Take the following innocent Hive query:
select distinct s.date_local, s.user_id from slice_played s Where LENGTH(s.user_id) > 0 and s.date_local >= ’2012-10-07′ and s.date_local <= ’2012-10-08′ order by s.date_local desc limit 150;
Time and time again this would return:
Error in semantic analysis. Invalid table alias or column reference s
After removing each piece of the query, it turns out that the culprit was the ORDER BY clause. This piece is seems to be illegal.
order by s.date_local
Why you ask? Because, apparently, Hive doesn’t allow table references in the ORDER BY clause! Ack!

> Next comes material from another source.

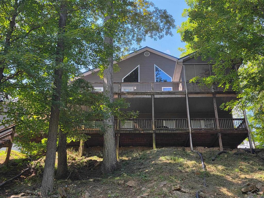 OPEN SUNDAY 11/23 from 1 to 3pm CT! Discover the charm of this stunning waterfront home, perfectly situated on two lots with two docks at the bottom of the property. This residence offers a blend of modern amenities and cozy living spaces, making it an ideal retreat for families and friends. 4 bedrooms and a 5th sleeping area or multi-purpose room - and TONS of parking, you can bring your family and friends and still have some privacy! Multiple decks let you spread out there too! TWO waterfront lots, TWO docks (one with 2 jet ski ports that stay!) Furniture is available too! Located in a beautiful neighborhood near two ramps, this home is in the middle of everything by land and by water. The super chill location on a cove off Long Lick Creek is perfect for kayaking, floating, or sunbathing on the docks. Step inside and be instantly greeted by cozy, warm colors that blend perfectly with the natural setting of this lake home. Just off the large foyer is a guest bedroom, full bath, stairs to the loft sleeping area AND catch your first glimpse of that beautiful great room! This open-concept living area is where you'll find that BIG, stone fireplace as the centerpiece of the lake-side wall. Beautiful stone floors help to set the mood for living at the lake! The great room opens up to the main living areas, providing a spacious and inviting atmosphere. With lots of sleeping areas and tons of parking options, there's plenty of room for everyone! There's even room for a large camper or RV in the detached, multipurpose shed! Adjacent to the fireplace is a crowd-sized dining area with a window wall and adjoining kitchen. The custom kitchen comes with tons of cabinets and upgrades, making it a chef's dream! The main level laundry is conveniently located near the outdoors, adding to the home's practicality. The primary bedroom suite on the main level includes a bath with heated floors, a tile shower, and a vintage-style tub. There's also a screen porch off the primary bedroom for morning coffee or afternoon naps. The lower level features a family area with an electric fireplace that changes colors, a dining or card table, and another lounging area to relax. The bunk room on this level comfortably sleeps eight, and there's another sleeping area or multi-purpose room that's plumbed for a future bar. Storage is abundant both inside and outside the home, including a huge RV-sized shed with tall overhead doors that let you drive THROUGH the building! The property boasts a big open deck and a large, covered deck on the lower level. Located in a beautiful neighborhood near two ramps, this home is in the middle of everything by land and by water. The super chill location on a cove off Long Lick Creek is perfect for kayaking, floating, or sunbathing on the docks.

The solution is pretty simple, but not intuitive. You need to either a) remove the table reference in the fields in your ORDER BY clause or b) alias the columns you would like to use in the order by clause. Here is the corrected Hive query that works:
select distinct s.date_local as date_pacific, s.user_id from slice_played s Where LENGTH(s.user_id) > 0 and s.date_local >= ’2012-10-07′ and s.date_local <= ’2012-10-08′ order by date_pacific desc limit 150;
I’ve fell into this trap several times now. In our Hive implementation, we pretty much force strict mode (hive.mapred.mode = strict), so we have to alias tables, use existing partitions in the WHERE clause, et.
According to this JIRA link (https://issues.apache.org/jira/browse/HIVE-1449), it’s a known issue. It just says that table references are a no-no, so you don’t need to really alias your columns, however; column aliases seem safer to me. I could just as easily be joining to several tables with a “date_local” column.
Hope this helps and happy coding!